Germany backs Google and Apple's covid app, ditches alternative over privacy concerns
27 April, 2020
The German government on Sunday switched to backing a coronavirus-tracing iphone app using technology supported by Google and Apple, ditching a German-led alternative that had come under fire over privacy concerns.
German Health Minister Jens Spahn and Chancellor Angela Merkel’s chief of staff Helge Braun said Berlin was now in favour of a “decentralised software architecture” that could see user data stored on people’s own phones instead of on a central database.
“Our goal is for the tracing application to be equipped for use soon and with strong acceptance from the general public and civil society,” Spahn and Braun said in a joint statement.
The rollout of an app that could use bluetooth to alert smartphone users if they have been in connection with someone infected with the virus is known as crucial in the fight the pandemic as countries like Germany relax their lockdowns.
Berlin has as yet thrown its weight behind a pan-European application referred to as PEPP-PT being developed by some 130 European scientists, including specialists from Germany’s Fraunhofer research institute and Robert Koch Institute public health body.
But the proposed app had faced growing criticism over its intend to store data on a central server.

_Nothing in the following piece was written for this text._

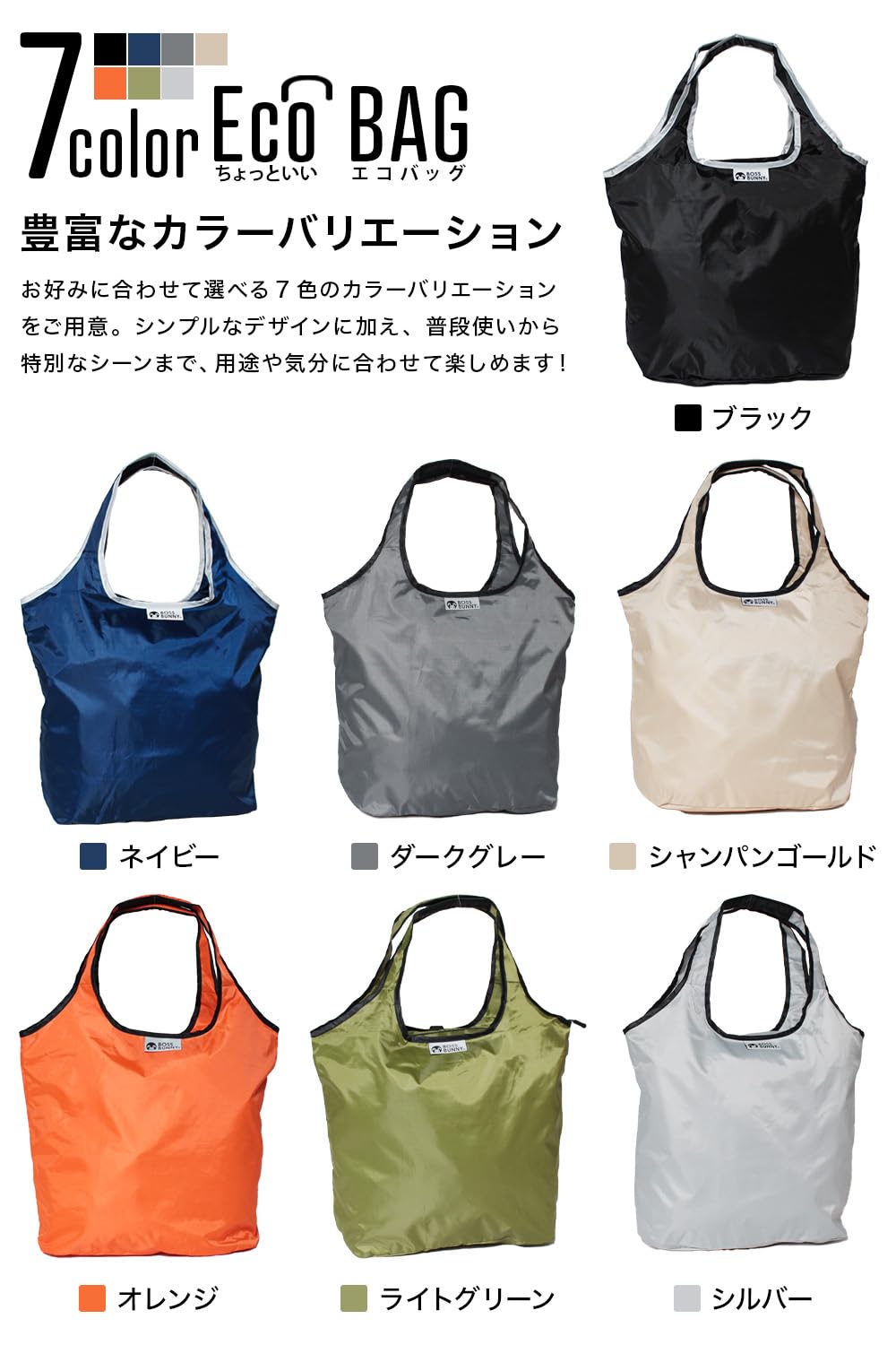 [BOSSBUNNY] ちょっといい エコバッグ 折りたたみ 大容量 丈夫 保冷 保温 撥水 国内企画 買い物バッグ トートバッグ 男性 女性 メンズ レディース ショルダー 肩掛け マチ付き ファスナー付き 肩から滑り落ちにくい 持ち手クッション付き

Critics said it would allow governments to hoover up personal information and could lead to mass state surveillance.
In an open letter earlier this week, some 300 leading academics urged governments to dismiss the centralised approach, saying it risked undermining public trust.
They said an approach being produced by Apple and Google, whose os's run almost all of the world’s smartphones, was more privacy friendly.
The tech giants intend to collaborate with apps, just like the Swiss-led DP-3T, that use a decentralised system, which would see data placed on individual devices.
The European Commission in addition has recommended that data harvested through coronavirus contact-tracing software should be placed only on users’ own phones and become encrypted.
The German government has repeatedly stressed that the utilization of any coronavirus app will be voluntary and anonymous, in a country still haunted by the spying of the Nazi era and the former East German secret police.